# Fluval flora/20g co2 kit



## SearunSimpson (Jun 5, 2007)

Yeah, and I'd also just get rid of that double bell. Its redics. I have the 80gm one and I like it a lot more.


----------



## Noahma (Oct 18, 2009)

There should be an adapter that Walmart sells that you might be able to use to convert it to use a paintball tank


----------



## lg0815 (Aug 24, 2009)

how long do the 88g canisters last in thinkin about one on my 55g


----------



## kcharm (Apr 1, 2007)

The 20g kit is a very small cartridge so, no, there is no adapter. In fact, there is no a dater for the 88g kit either although there is an entire thread on that subject.

Personally, I'm viewing this kit as a gateway drug into co2. I'm now looking into an entry level system for a paintball tank.


----------



## bsmith (Jan 8, 2007)

If I were you I would just forgo the paintball system too. If your going to do it just build your own full size system and be done with it.


----------



## lg0815 (Aug 24, 2009)

could i build one for like 130


----------



## sailnut (Nov 26, 2010)

Here is a serviceable regulator and bubble counter with free shipping and a $10 store credit which could be applied to a 2.5 tank.
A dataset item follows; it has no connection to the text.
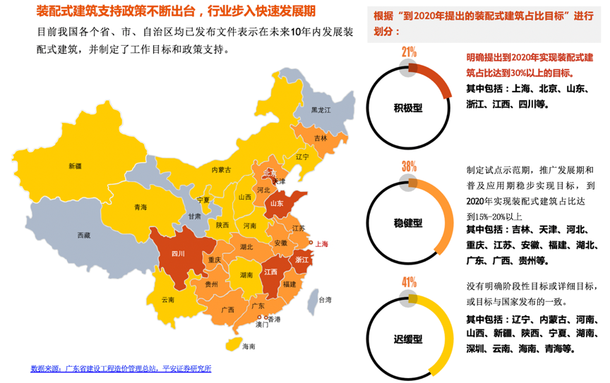 以“輕鋼房屋”為代表的裝配式建筑受到政策的極大鼓勵,各省市紛紛出臺了鼓勵政策,正可以推動“輕鋼房屋”在全國的快速擴(kuò)張。根據(jù)廣東省建設(shè)工程造價管理總站、平安證券研究所等綜合資訊表明,目前,全國31個省份均發(fā)布了相關(guān)的激勵政策,新疆的激勵政策類型最多(8項(xiàng)),其次是四川省(6項(xiàng))。全國政策激勵平均為4項(xiàng),其中激勵政策條款數(shù)量靠前的省份依次是新疆、四川、黑龍江、河南、湖南、內(nèi)蒙古、江西、貴州、西藏等。
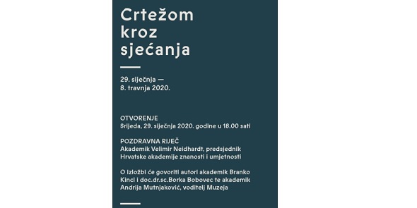 Pozivamo Vas na otvorenje izložbe "Crtežom kroz sjećanja" koje će se održati u srijedu 29. siječnja 2020. s početkom u 18:00 sati u Hrvatskom muzeju arhitekture HAZU. Pozdravnu riječ uputit će akademik Velimir Neidhardt, predsjednik Hrvatske akademije znanosti i umjetnosti. O izložbi će govoriti autori, akademik Branko Kincl i doc. dr. sc. Borka Bobovec, te akademik Andrija Mutnjaković, voditelj Muzeja.

The total cost approximates your $130 budget

I have a Fluval 88g setup which I will replace with what I suggest above.

http://www.aquariumplants.com/product_p/pr333.htm


----------



## lg0815 (Aug 24, 2009)

so all i need to buy is a canister and a diffuser and some silicone tubing 

is that a good regulater

what size tank would that fit 5lb


----------



## lg0815 (Aug 24, 2009)

so its 87.99 for the rugulator
10 for the diffuser 
10 for the tubing and 


how much for a co2 tank what size should i go with if i have a 55g with 108w t5 HO light


----------



## Noahma (Oct 18, 2009)

lg0815 said:


> how long do the 88g canisters last in thinkin about one on my 55g


since he already has the needle valve, regulator ect. for the fluval kit, it would be far cheaper for him to convert it to use the paintball tanks then to go with a large system for a small tank.


----------



## Noahma (Oct 18, 2009)

kcharm said:


> The 20g kit is a very small cartridge so, no, there is no adapter. In fact, there is no a dater for the 88g kit either although there is an entire thread on that subject.
> 
> Personally, I'm viewing this kit as a gateway drug into co2. I'm now looking into an entry level system for a paintball tank.


hmm... dang. I wonder, are you able to remove the part of the needle valve that connects to the smaller canister? If you could, could you just replace it with a larger piece.


----------



## lg0815 (Aug 24, 2009)

wait what


----------



## kcharm (Apr 1, 2007)

Fluval stuff is compatible with and only with the fluvial stuff. A complete replacement is required if you don't want to be replacing the fluvial cartridges constantly.


----------



## lg0815 (Aug 24, 2009)

i know that i am talking about the post from aquarium plants i might get that tonight


----------



## bsmith (Jan 8, 2007)

Here is a thread started by the man who introduced me/provided me with access to the parts in order to pics togather my own dual stage regulator run system. 

http://www.barrreport.com/showthread.php/6470-Dual-Stage-Regulators

Here us a thread on here that has just started on the topic. I have both of my systems completely outlined and the rough cost of them. 

http://www.plantedtank.net/forums/e...ng-ideal-co2-regulator-kit-2.html#post1237464

Milwaukee regulators are not good pieces of equipment at all. Then consider for a moment that you could purchase a used dual stage regulator for LESS money. 

Again, it will be more work and take you longer but in the end with the help of craigslist, eBay, this and other aquatic plant sites you will in the end have a co2 system that will out perform and be much more reliable then ANY all in one kit on the web for more then likely less money.


----------



## bustah8 (Dec 23, 2010)

I bought the 20g co2 mini kit. Had it hooked up for 3 days. On the third day I went to fill the chambers, no gas came out. I assumed it was empty and closed the regulator and began to remove it from the cartridge, when a very loud bang went off followed by a cloud of hissing co2. I installed another cartridge and still no gas will come out. My first thought is maybe I did something wrong, but I can't help wonder if these things are just junk.


----------



## bsmith (Jan 8, 2007)

bustah8 said:


> I bought the 20g co2 mini kit. Had it hooked up for 3 days. On the third day I went to fill the chambers, no gas came out. I assumed it was empty and closed the regulator and began to remove it from the cartridge, when a very loud bang went off followed by a cloud of hissing co2. I installed another cartridge and still no gas will come out. My first thought is maybe I did something wrong, but I can't help wonder if these things are just junk.


Sorry to confirm your doubts on the quality of the co2 system but from almost every review or post containing info on them it is always about disappointment from either poor performance or from the lack of reliability/dependability of the systems.


----------